Synthetic bacteriochlorins with integral spiro-piperidine motifs

Abstract

A new molecular design incorporates a spiro-piperidine unit in each pyrroline ring of synthetic bacteriochlorins, thereby (1) replacing the previous geminal dimethyl group with a functionally equivalent motif to suppress adventitious dehydrogenation, (2) enabling tailoring of the bacteriochlorin by nitrogen derivatization, and (3) leaving the β-pyrrolic positions available for introduction of auxochromes to tune the spectral properties. Conversion of an N-protected 4-piperidone to the N-protected α,β-unsaturated ketone, Michael reaction with 4-(ethoxycarbonyl)-3-ethyl-2-(2-nitroethyl)pyrrole, and subsequent reductive cyclization provided the spiro-piperidine-1-methyldihydrodipyrrin. Treatment with SeO₂ followed by trimethyl orthoformate under acid catalysis converted the 1-methyl group to a 1-(1,1-dimethoxymethyl) motif. Self-condensation of the resulting spiro-piperidine-dihydrodipyrrin-acetal afforded the 5-methoxy- or 5-unsubstituted bacteriochlorin, each bearing two spiro-piperidine units. The spiro-piperidine units were derivatized at the nitrogens by methylation, sulfonylation, acylation, or quaternization; the latter with methyl iodide afforded two dicationic, hydrophilic bacteriochlorins. Altogether, eight spiro-piperidine-bacteriochlorins were prepared. Spectroscopic characterization was carried out in DMF (and in water for the quaternized, 5-methoxybacteriochlorin).
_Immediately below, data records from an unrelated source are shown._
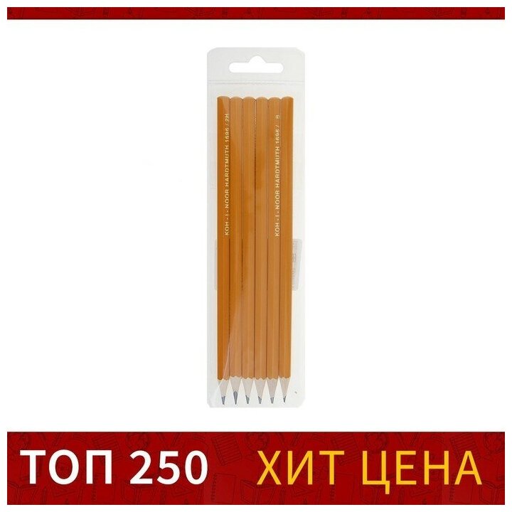 Карандаши чернографитные KOH-I-NOOR, набор 6 шт., 2Н, Н, НВ-2, В, 2В, пластиковая упаковка, европодвес, 1696006041TE
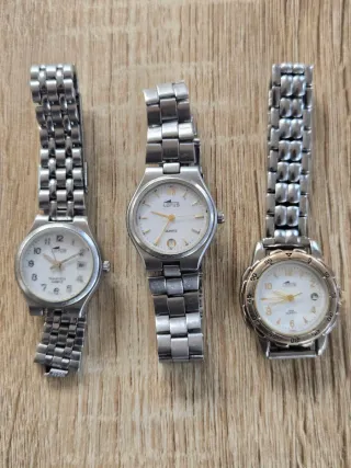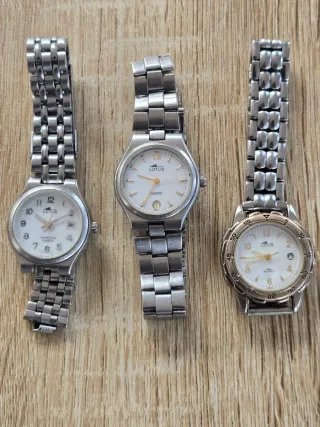 Conjunto de tres relojes de la marca Lotus. - Diseño elegante y moderno. - Brazaletes de metal. - Esferas con detalles dorados. - Un reloj necesita arreglo en la correa pero está funcionando perfectamente - Dos relojes están parados.
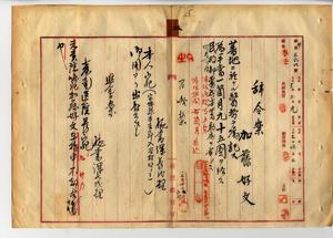五 民政部蕃務本署長事務取扱代理警視加福豊次ノ内申ニヨリ太魯閣蕃討伐隊傷病者救護ノ為メ元台南医院医務嘱託加藤好文ニ蕃地ニ於ケル医務ヲ嘱託シ手当一箇月九五円ヲ給シ民政部蕃務本署勤務ヲ命ス(秘甲第三六四号)
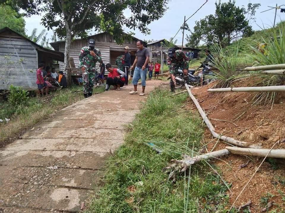 Kegiatan tersebut dilaksanakan pada pagi hari oleh 5 orang personel Satgas Pos Palapasang yang dipimpin Wadanpos Serda Supriadi bersama masyarakat sekitar. Semua bahu membahu membersihkan jalan agar lingkungan tetap bersih dan sehat.
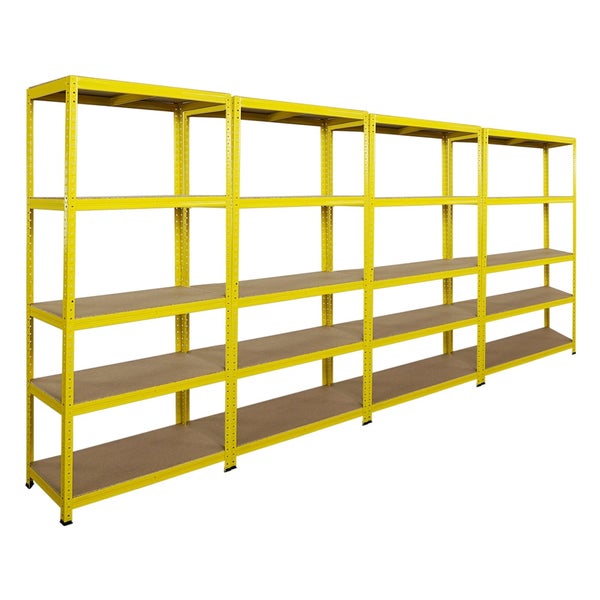 PROREGAL Mega Deal 4x Schwerlastregal YELLOW BEE, HxBxT 180x90x40cm, Fachlast 175kg, 5 Ebenen, Gelb, Kellerregal, Steckregal, Garagenregal, Lagerregal
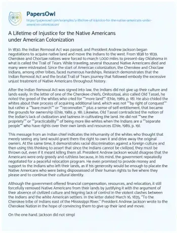 A Lifetime of Injustice for the Native Americans under American Colonization. (2019, Jan 23). Retrieved from https://hub.papersowl.com/examples/a-lifetime-of-injustice-for-the-native-americans-under-american-colonization/
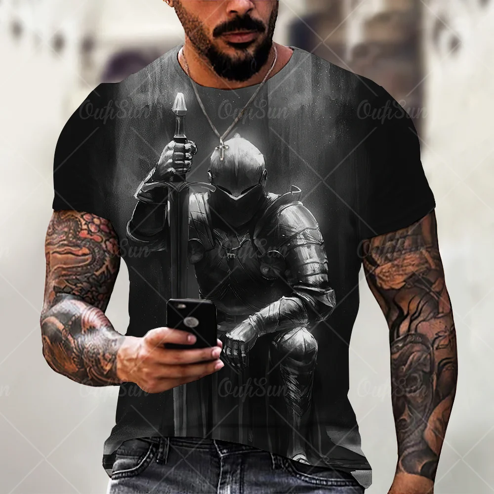 Футболка мужская с 3D принтом, с рисунком самурая, рыцари, темплар,...
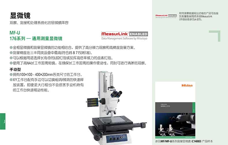 產(chǎn)品名稱:日本三豐(mitutoyo)176 系列金相和測量通用顯微鏡手動和電動型顯微鏡
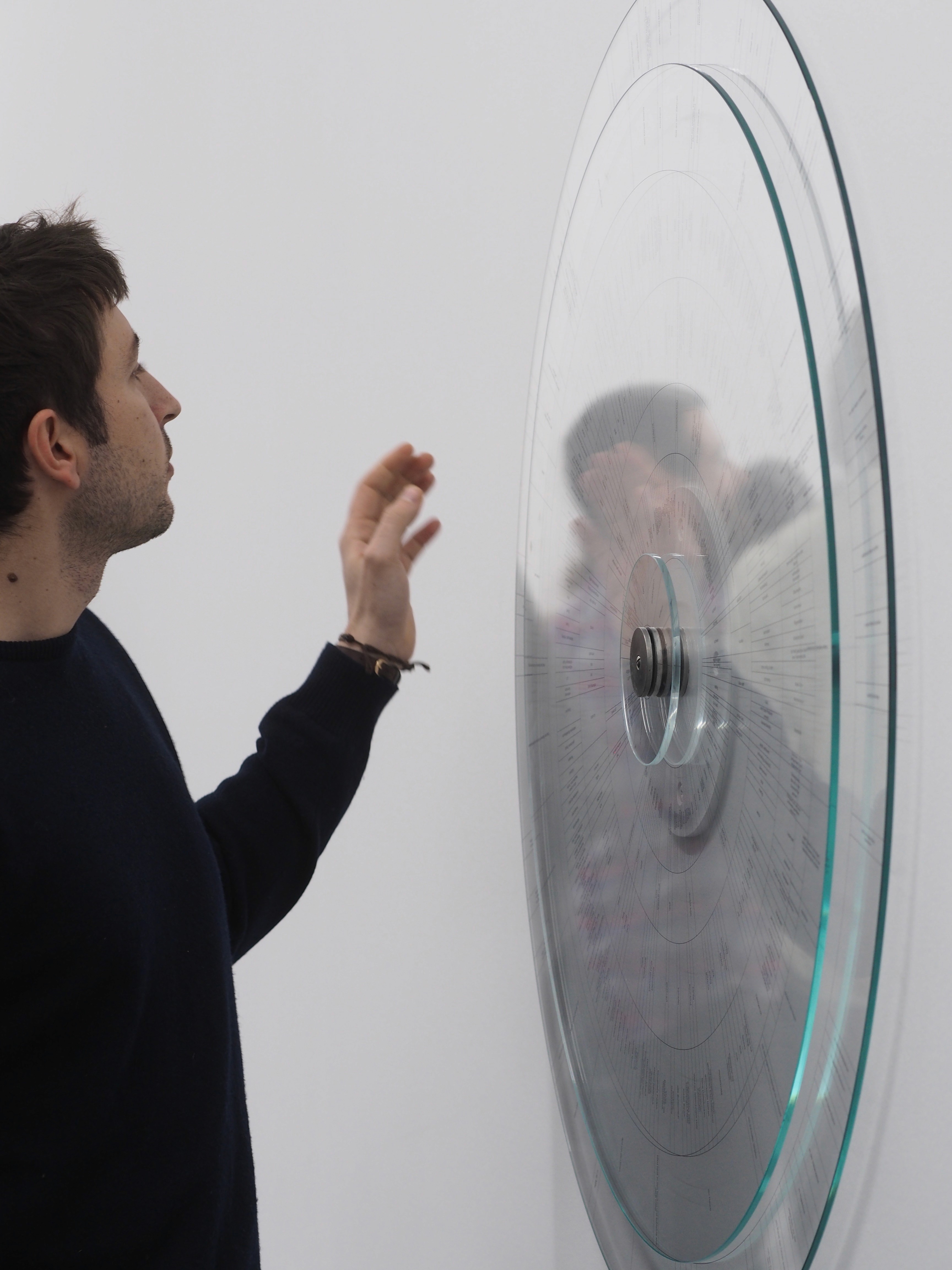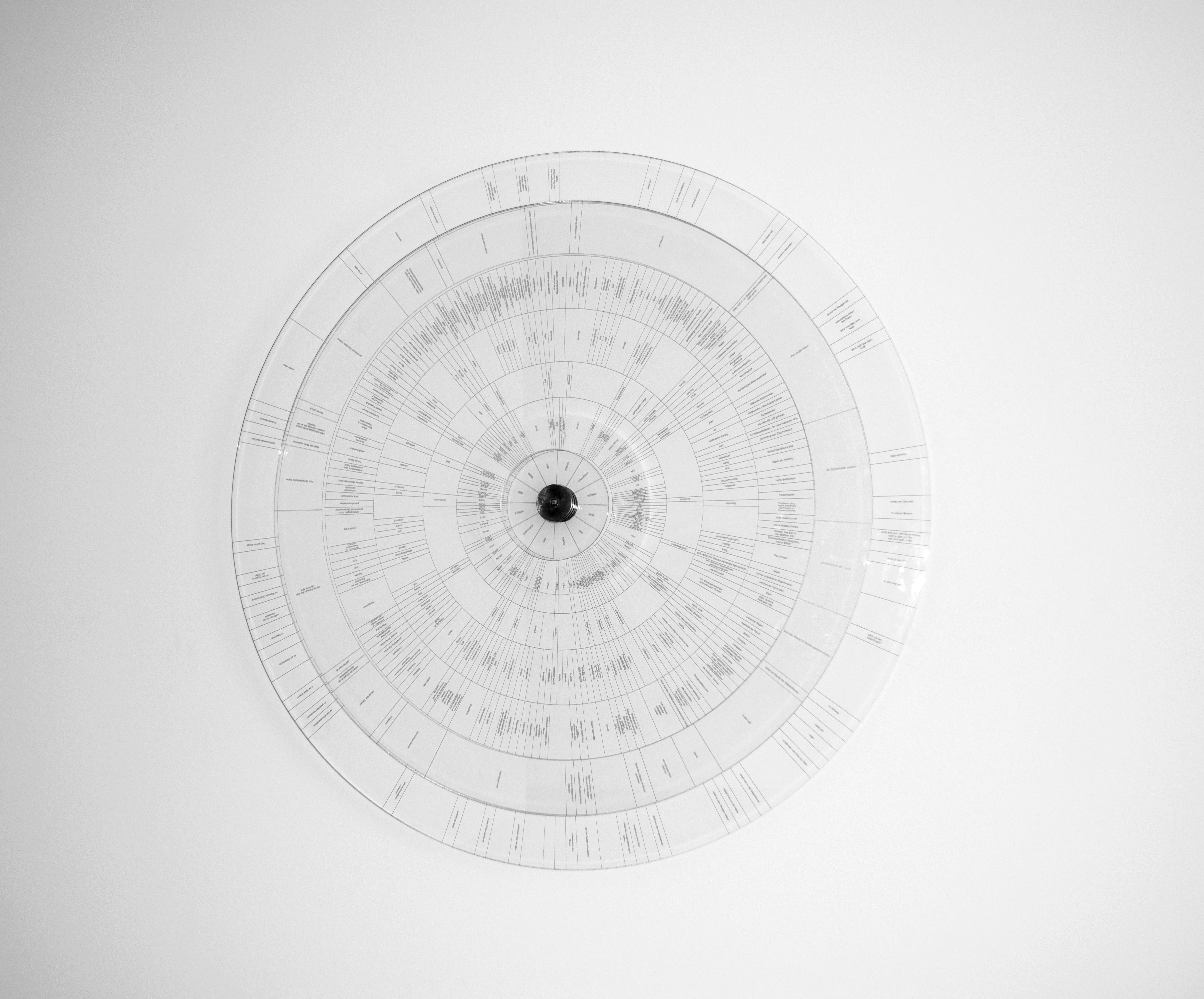 Afterwards, these descriptions were analyzed and categorized according to linguistic criteria. The resulting categories were UV-printed onto three circular glass discs, which can be rotated. Through this participatory engagement, the wheel transforms linguistic data into poetry and imagined smell, inviting viewers to navigate subjective olfactory perception through language, and glass.
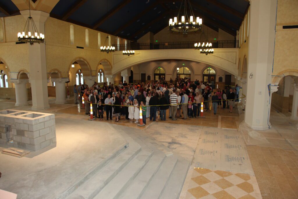 In 2003, Father Charlie Klinger and parish leadership began a period of discernment and long range planning focused on the future of the parish campus and the need for a new church. Parishioners were invited into the process through surveys that gathered input on worship space, parish facilities, and broader campus needs. At the same time, demographic studies were conducted to better understand future growth and guide decisions about the size and scope of the project.
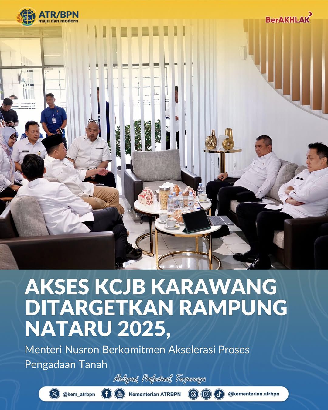 Menteri Agraria dan Tata Ruang/Kepala Badan Pertanahan Nasional (ATR/BPN), Nusron Wahid, menghadiri Rapat Koordinasi Percepatan Pembangunan Akses Stasiun Kereta Cepat Jakarta–Bandung (KCJB) Karawang yang digelar di Stasiun KCJB Karawang, pada Kamis (18/09/2025). Rapat ini membahas percepatan pembangunan akses jalan menuju Stasiun KCJB Karawang sebagai bagian dari upaya peningkatan aksesibilitas transportasi publik.
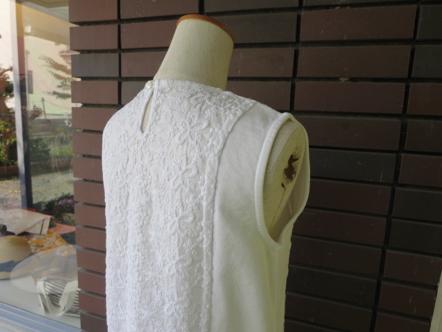 刺繍シリーズの最後は、ワンピース!前後身頃は、刺繍があしらわれ、両脇部分が、ジャージィ素材。勿論、着易さもバッチリです!ボトムにレギンスなど合わせても◎。涼しげな雰囲気で着て頂けます。
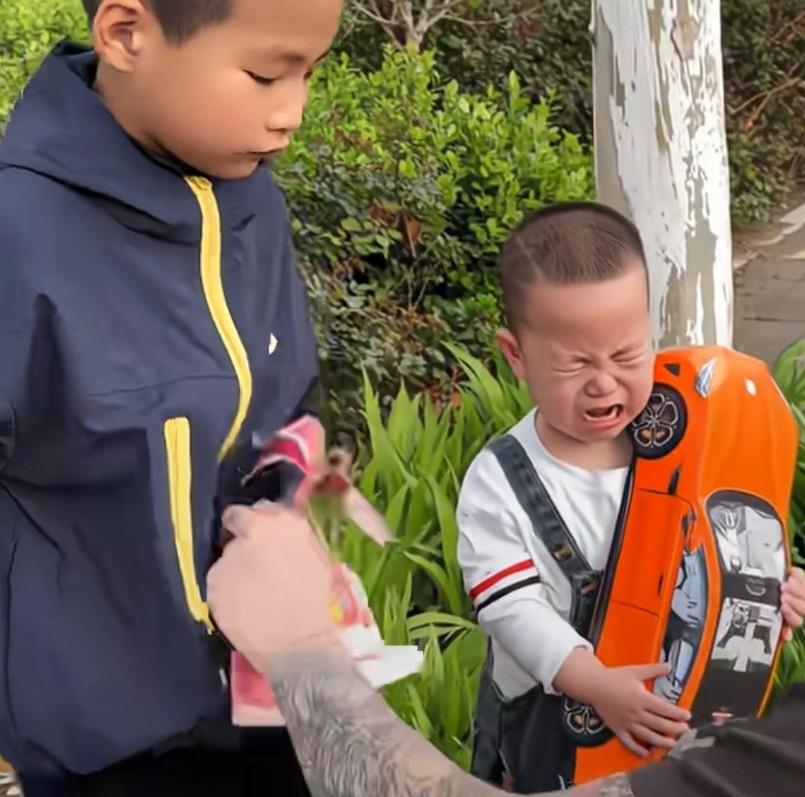 清明上坟遇到熊孩子,老祖宗的家产顺回家,爸爸从孩子兜里掏出了好多纸钱, 对他们说, 你以为这些钱是给你们花的?从大哥的兜里也掏出了好多纸钱, 然后大哥手背在后边, 把金砖藏在了身后, 爸爸一把抢过来, 爸爸最后从小的手上把小汽车也抢了过来, 孩子更是哭个不停。 网友说,一开始以为小孩怀里抱的是个玩具车, 直到老爸把汽车抢过来, 这才发现是老祖宗的家产, 小祖宗抢了老祖宗的东西。 嘿嘿嘿,老祖宗可不会生气,老祖宗疼孙子啊, 拿的出手的也就这么点东西了。 上个坟,你说你们还吃回扣。
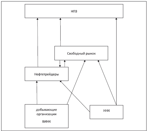 На представленной схеме (1) изображена структура договорных связей на внутреннем рынке нефти.
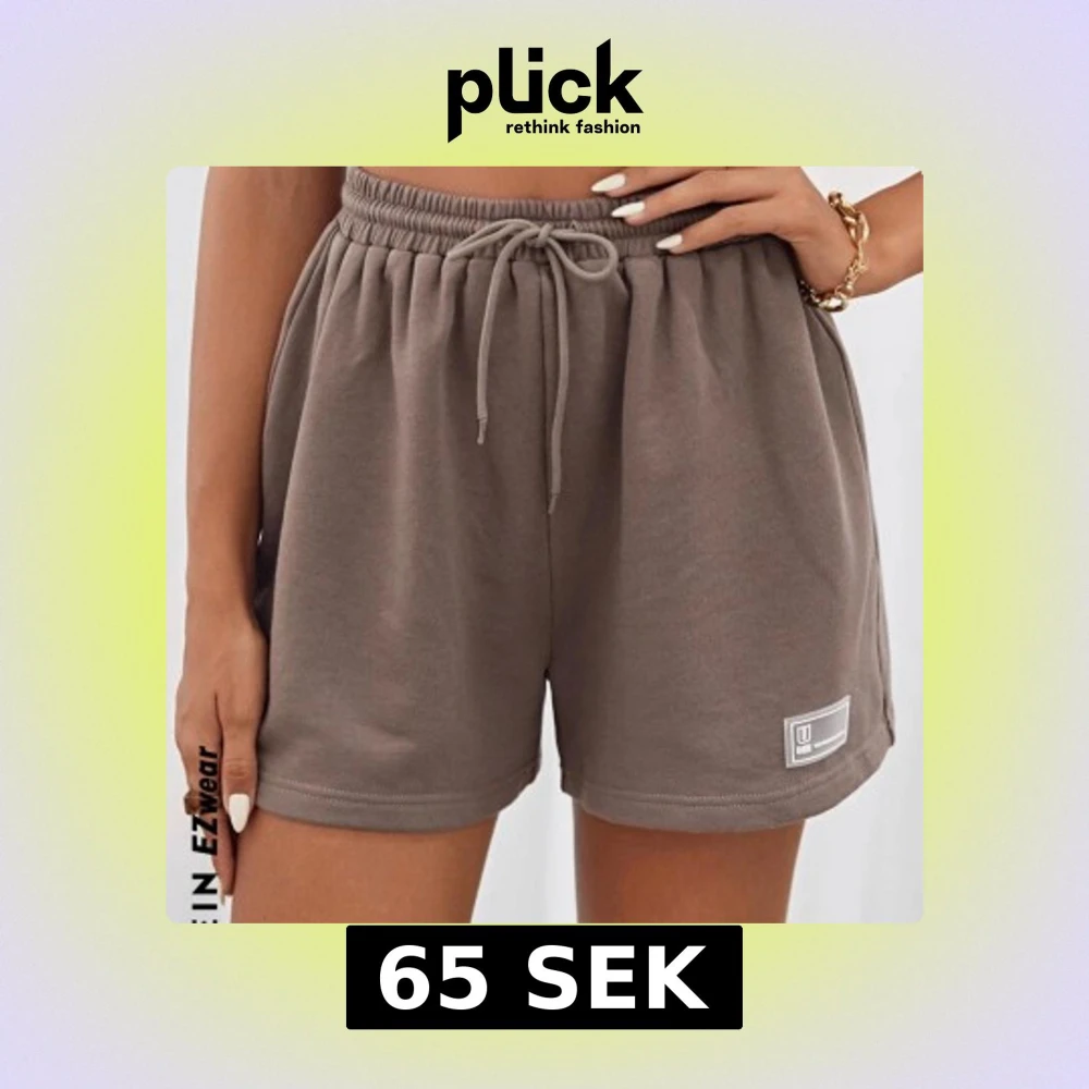 Säljer ett par bekväma bruna shorts. De har en elastisk midja med snörning för justerbar passform och en liten logga på benet. Använda en gång

Compared to the 5-unsubstituted analogue, the quaternized, 5-methoxybacteriochlorin has in DMF a shorter wavelength of the intense near-infrared absorption band (733 vs. 752 nm) and fluorescence band (739 vs. 760 nm), modestly greater fluorescence yield (0.15 vs. 0.08) and modestly longer lifetime of the lowest singlet excited state (4.7 vs. 3.3 ns). In general, the spiro-piperidinyl moiety does not significantly alter the rate constants or yields of the decay pathways (fluorescence, intersystem crossing, internal conversion) of the lowest singlet excited state of the bacteriochlorin. Taken together, the results describe a new molecular design for tailoring the polarity of near-infrared absorbers.